_EXERCISE AIM_
Please output only the lines running from the one that contains "Панорамный вид на" through the last line of the data below, exactly as they stand, with no pictures.
· · · · ·
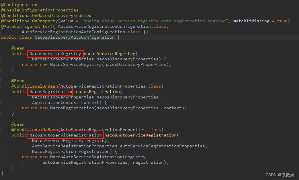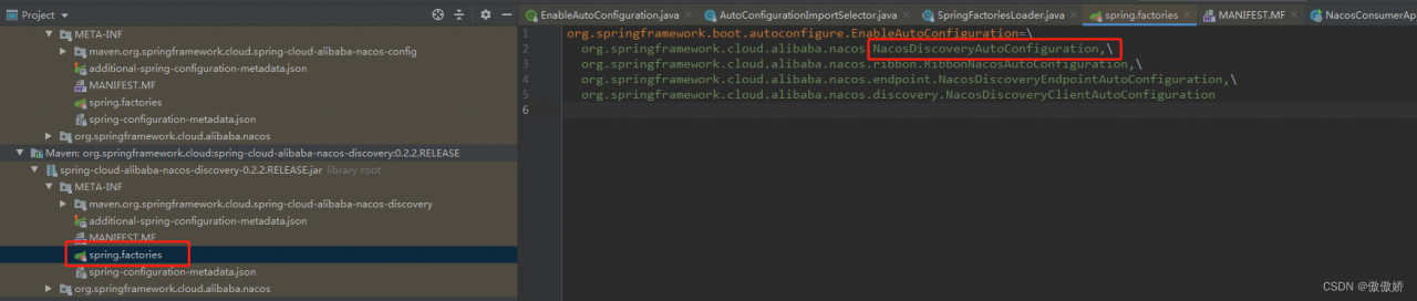 首先根据springboot的自动配置,找到META-INF/spring.factories文件,可以找到NacosDiscoveryAutoConfiguration这个自动化配置的类
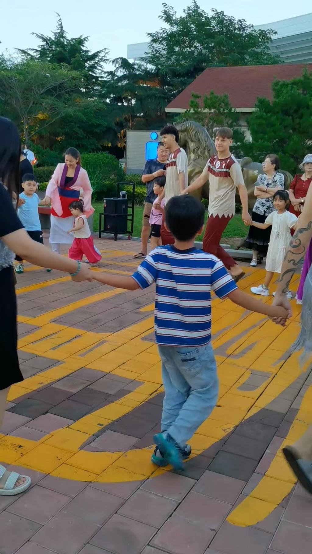 在啤酒城里,当夜幕开始降临,花式巡游的队伍就开始在啤酒城里出现。热情洋溢的中外年轻人们,载歌载舞,他们一边舞着,一边将围观的孩子们拉进来,围着圈儿跳舞。成为巡游队伍中的一员,孩子们特别高兴。
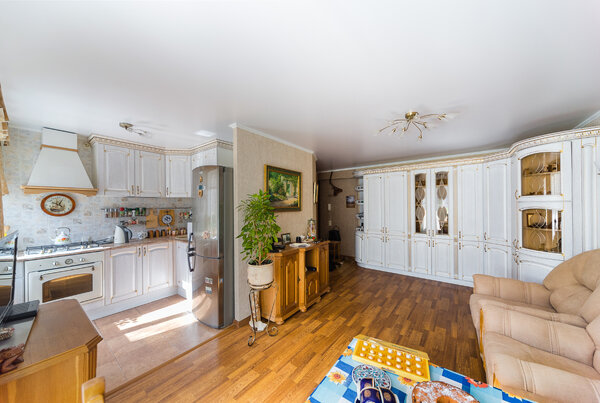 Панорамный вид на объединенное пространство кухни и гостиной.
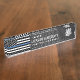 This design features a police force flag with black and white stripes, and a thin blue line stripe as well. This name plate is great for a law enforcement officer, sheriff, captain, chief or any position helping in the police department.
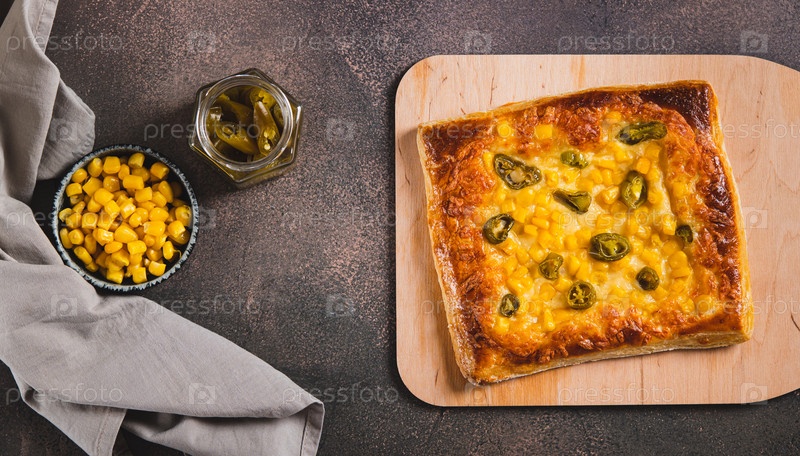 Традиционная мексиканская пицца с халапено, сыром и кукурузой на веб-баннере с лучшими видами
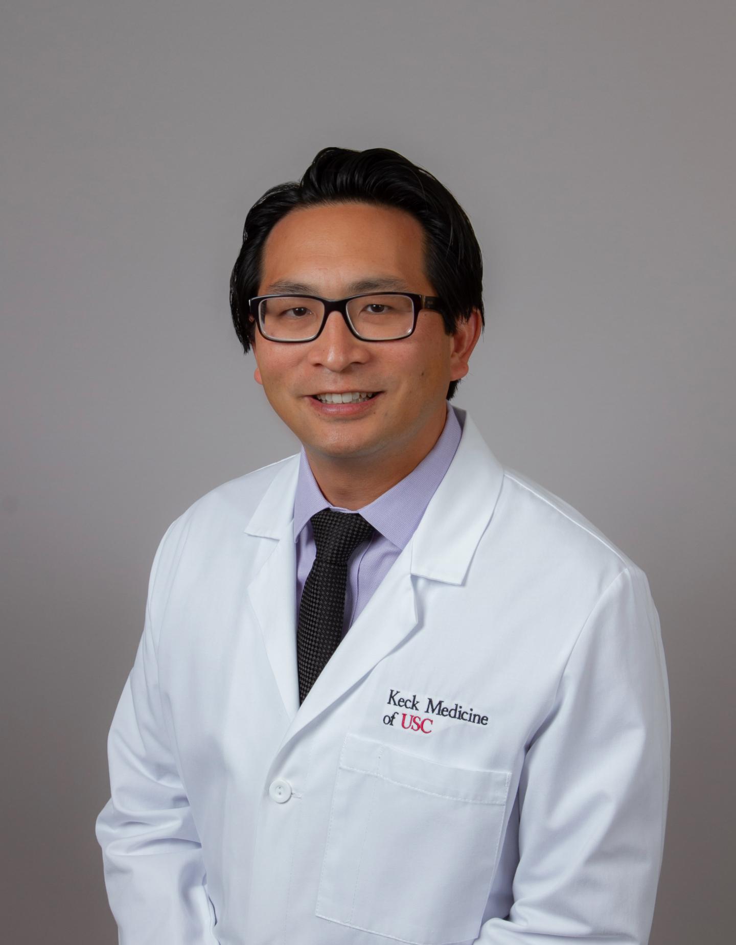 image: Darrin Lee, MD, PhD, a neurosurgeon with Keck Medicine of USC and the principal investigator of the site's clinical trial
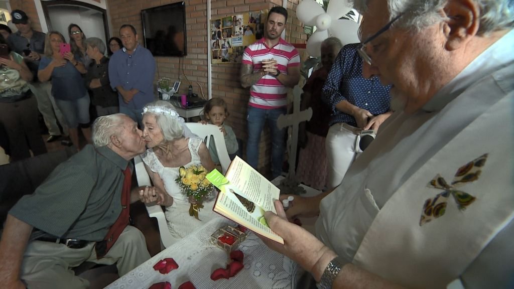 Um casal de 100 e 96 anos celebrou o casamento em uma casa de repouso de Campinas (SP), no sábado (29/02). Branca e Marcelino decidiram oficializar a união após o centenário do engenheiro aposentado, em uma celebração que contou com a presença de amigos e familiares. “Amor puro”, resumiu a filha do noivo.
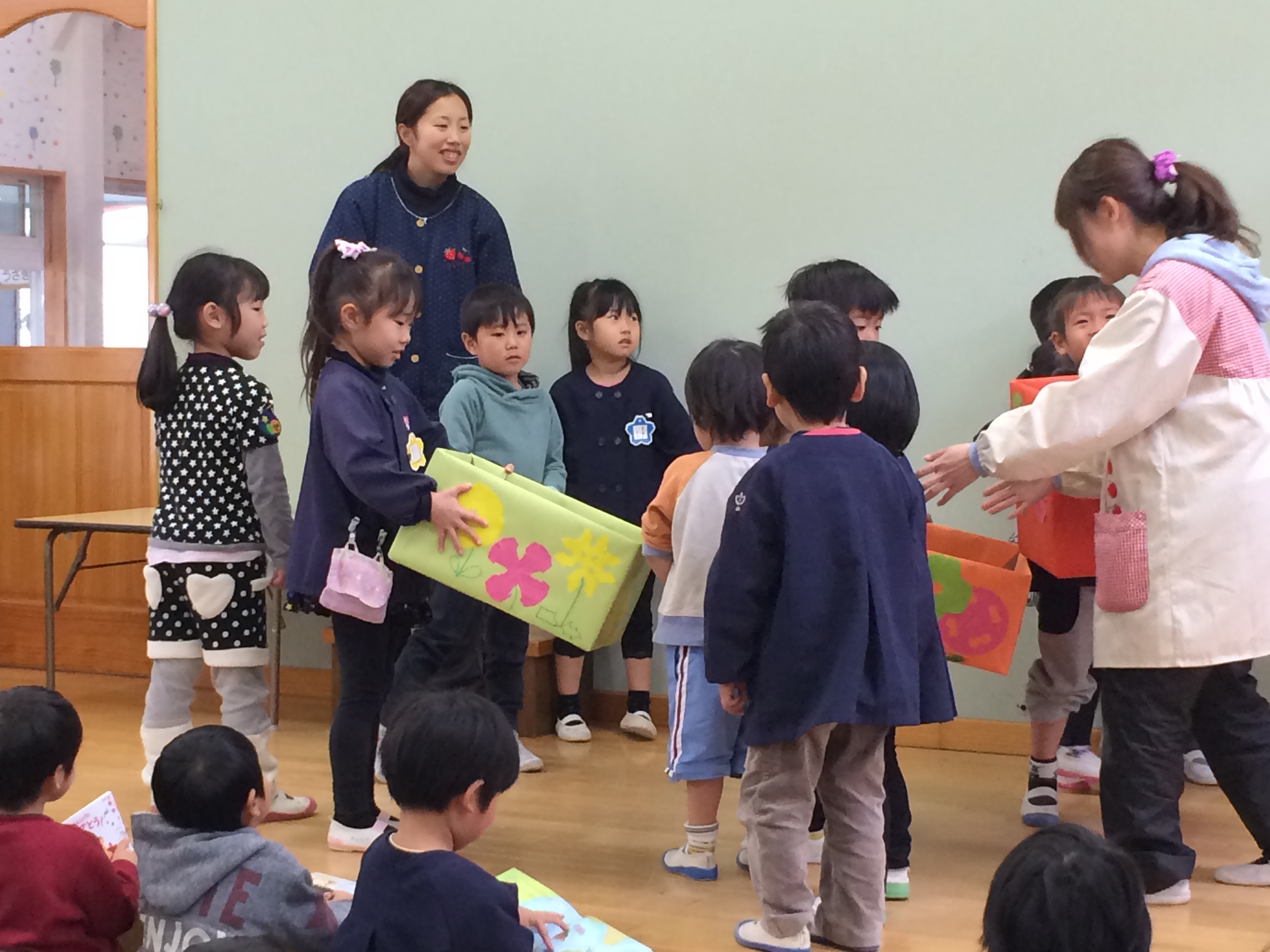| 年中さんから手作りのライオンメダル 年長さんからはお部屋で使う おもちゃ箱
· · · · ·
_OUTPUT FOR THIS TASK_
 Панорамный вид на объединенное пространство кухни и гостиной.
 This design features a police force flag with black and white stripes, and a thin blue line stripe as well. This name plate is great for a law enforcement officer, sheriff, captain, chief or any position helping in the police department.
 Традиционная мексиканская пицца с халапено, сыром и кукурузой на веб-баннере с лучшими видами
 image: Darrin Lee, MD, PhD, a neurosurgeon with Keck Medicine of USC and the principal investigator of the site's clinical trial
 Um casal de 100 e 96 anos celebrou o casamento em uma casa de repouso de Campinas (SP), no sábado (29/02). Branca e Marcelino decidiram oficializar a união após o centenário do engenheiro aposentado, em uma celebração que contou com a presença de amigos e familiares. “Amor puro”, resumiu a filha do noivo.
| 年中さんから手作りのライオンメダル 年長さんからはお部屋で使う おもちゃ箱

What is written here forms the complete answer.